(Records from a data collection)
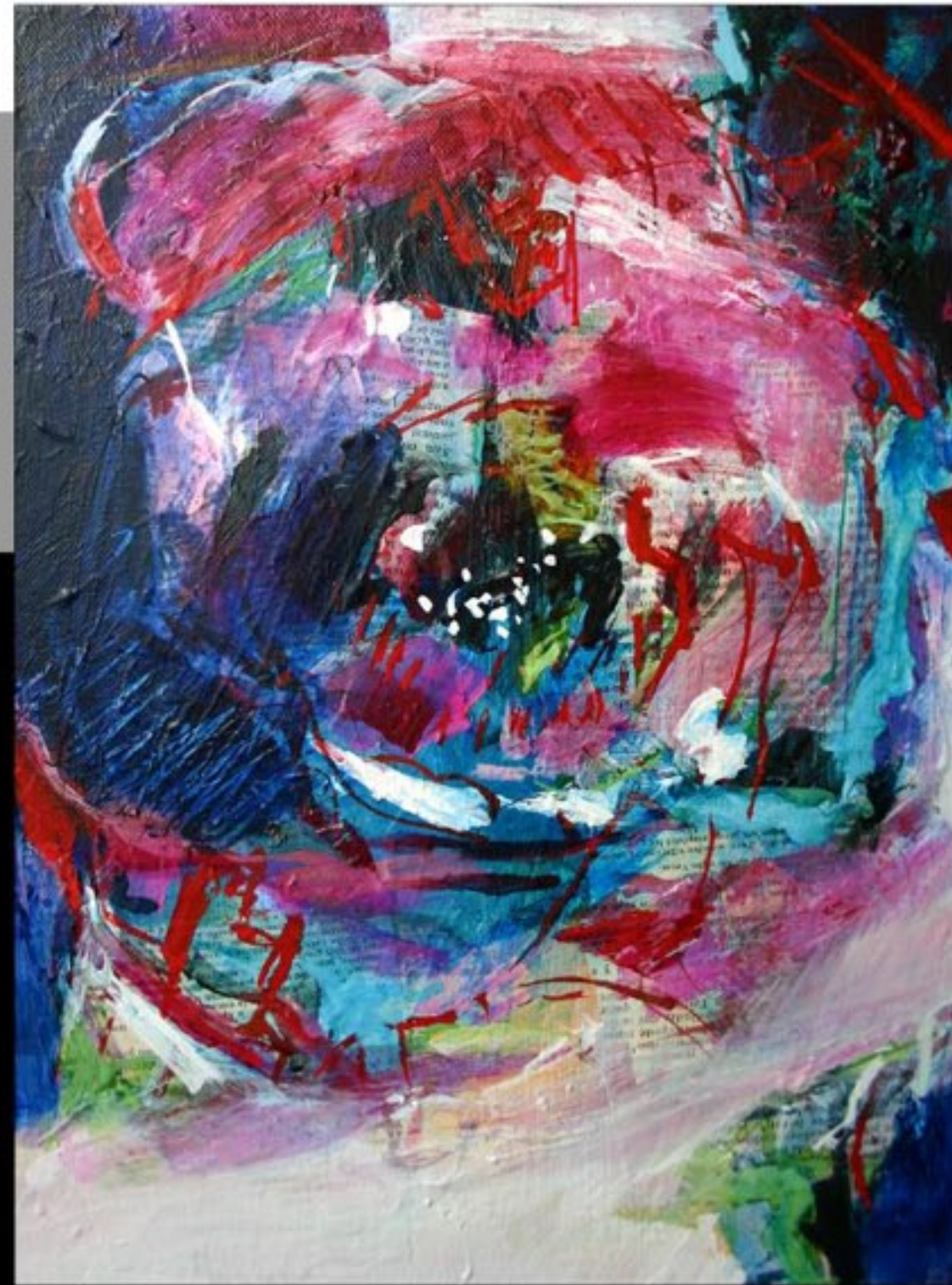
PIVOINE I, II ET III 33 x 24 CM
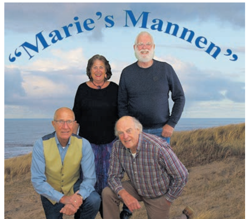
De groep Marie's Mannen.

Reserveer nu kaarten à € 2,50 via www.cultuurkoepelheiloo.nl en kom genieten van deze bijzondere voorstelling op zaterdag 26 augustus om 20.15 uur.
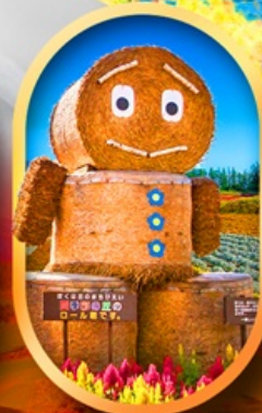
ชิกิไซ โนะโอะกะ
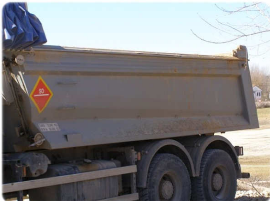
Reparación y adecuación Cajas de Camiones
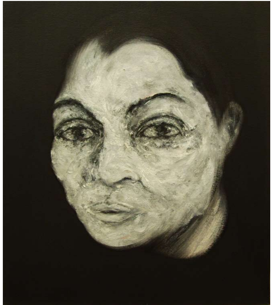
LORENZO PUGLISI "XXXI", cm 80x70, olio su tela, 2008
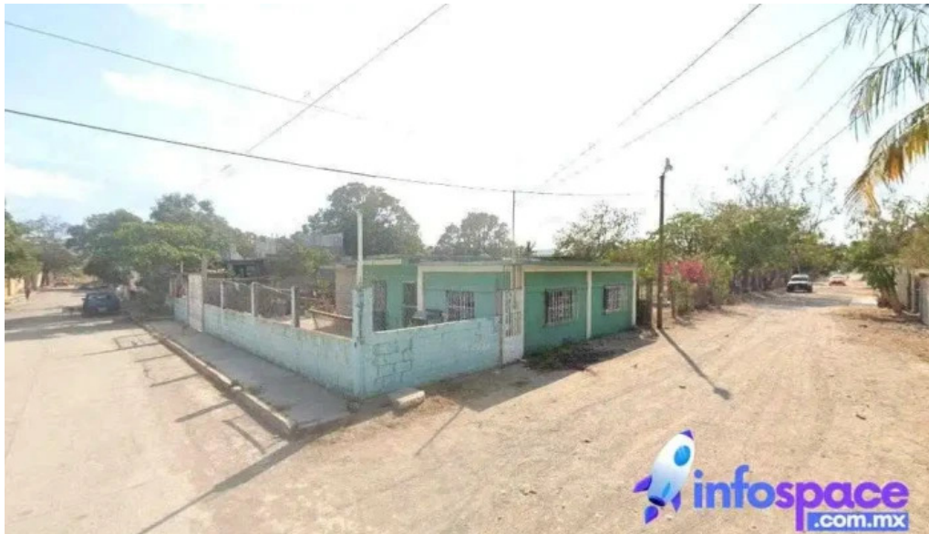
Asesoramiento pedagogico liberador salina cruz
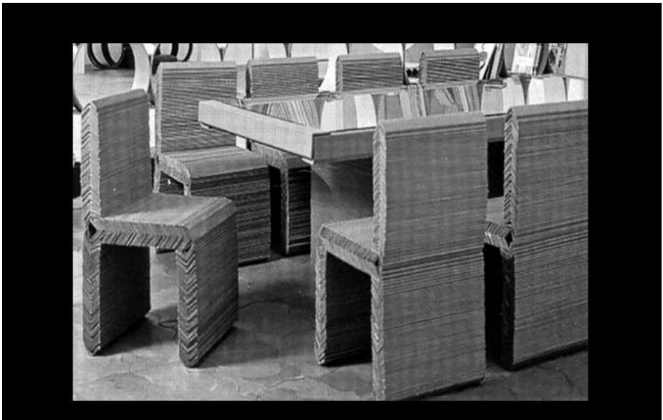
Cadeiras e mesa feitas de cantoneiras de papelão

=== Task instructions ===
The answer must be the lines above from the line that contains "De groep Marie's Mannen." to the final line of the data, word for word, with no pictures.

=== Solution to this problem ===
De groep Marie's Mannen.

Reserveer nu kaarten à € 2,50 via www.cultuurkoepelheiloo.nl en kom genieten van deze bijzondere voorstelling op zaterdag 26 augustus om 20.15 uur.
ชิกิไซ โนะโอะกะ
Reparación y adecuación Cajas de Camiones
LORENZO PUGLISI "XXXI", cm 80x70, olio su tela, 2008
Asesoramiento pedagogico liberador salina cruz
Cadeiras e mesa feitas de cantoneiras de papelão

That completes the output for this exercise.